The world of the farmers’ market
Published 12:00 pm Monday, May 5, 2025
- PHOTO BY FELDER RUSHING
Pardon my sticky fingers as I write this week’s column, but I’ve been eating a fresh fried apple pie I got from a family that grew the apples themselves and made the sweet treat in their own kitchen. With no preservatives. I found it all at the farmers market, where the local produce wheel meets the road.
When folks talk about reducing food miles, finding fresh food grown as close to home as possible, nothing beats these meet ‘n greet spots carved out with community effort to bring consumers into direct contact with local producers. Where we can find veggies, herbs and cut flowers harvested just the day before, literally fresh off the farm with no middleman or tariffs.
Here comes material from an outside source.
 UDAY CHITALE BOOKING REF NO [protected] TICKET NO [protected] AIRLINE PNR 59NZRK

It’s where you will come across unusual vegetables like purple broccoli, heirloom tomatoes, extra-flavorful, white-fleshed sweet potatoes, mild long red radishes, muscadine grapes, zesty garlics, and spicy turmeric, and other hard-to-find herbs and veggies. Right next to stalls offering heirloom perennials, antique shrubs, trees, and native plants usually not found in garden centers. Right next to local-flower honey, jellies and preserves, pies, breads, and herbal oils, all made lovingly in personal kitchens. Right next to quilts, glassware, pottery, jewelry, bird houses, wood carvings, and other practical crafts. I have even found bags of vermicompost — super-rich composted worm poop that is unbeatable as garden fertilizer.
Every single one of those genres represents entrepreneurial individuals and families who believe in and take pride in what they do, work hard at it, and offer it with hope to friends and neighbors. Every single one is eager to talk about how they pull it off season after season, their favorite recipes, and tips on how you can get involved yourself.
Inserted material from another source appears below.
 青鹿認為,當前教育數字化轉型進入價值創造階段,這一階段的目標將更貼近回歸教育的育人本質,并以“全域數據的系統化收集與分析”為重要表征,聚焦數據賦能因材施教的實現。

I am fortunate to be invited to do quite a few gardening presentations at these traditional local markets, statewide, hob-knobbing during tailgate talks done from the back of my antique pickup truck with the full garden in the back. It’s an opportunity to show-and-tell about small-scale container gardening, practical garden tools, personalized garden accessories, and a good bit of chin-wagging with real gardeners about timely, local garden concerns.
The best of all is when children are lifted into the back of my truck where for over 30 years I have grown flowers, herbs, and vegetables, year-round. The little innocents can pluck leaves off fresh rosemary, oregano, thyme, mints, green and purple basils and other herbs, and describe what they smell like (oregano usually conjures spaghetti). Talk about an easy way to introduce young people — and often their parents — to small-scale home gardening!
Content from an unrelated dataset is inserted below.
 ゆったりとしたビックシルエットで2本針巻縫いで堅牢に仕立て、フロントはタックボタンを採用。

The truck garden sounds silly to a lot of folks, but makes a point, simple and clear, that anyone can have a garden anywhere, even on a patio or porch, without power equipment and a traditional garden with long skinny rows. It isn’t too far a stretch to imagine making it a bit larger, expand it a bit with another large container or two, to accommodate even more food and flowers, without turning the yard into a farm and taking up all their resources.
And when parked at a farmers’ market, it is a stepping off point from where I can point directly to someone who, if you can’t grow it yourself, is eager to do it for you.
You can easily find local markets online from the MS Department of Agriculture and Commerce; on the home page click farmers market, then the link on the left to an extensive guide to all those around the state. Hope to run into you at one soon, before the pies are all gone.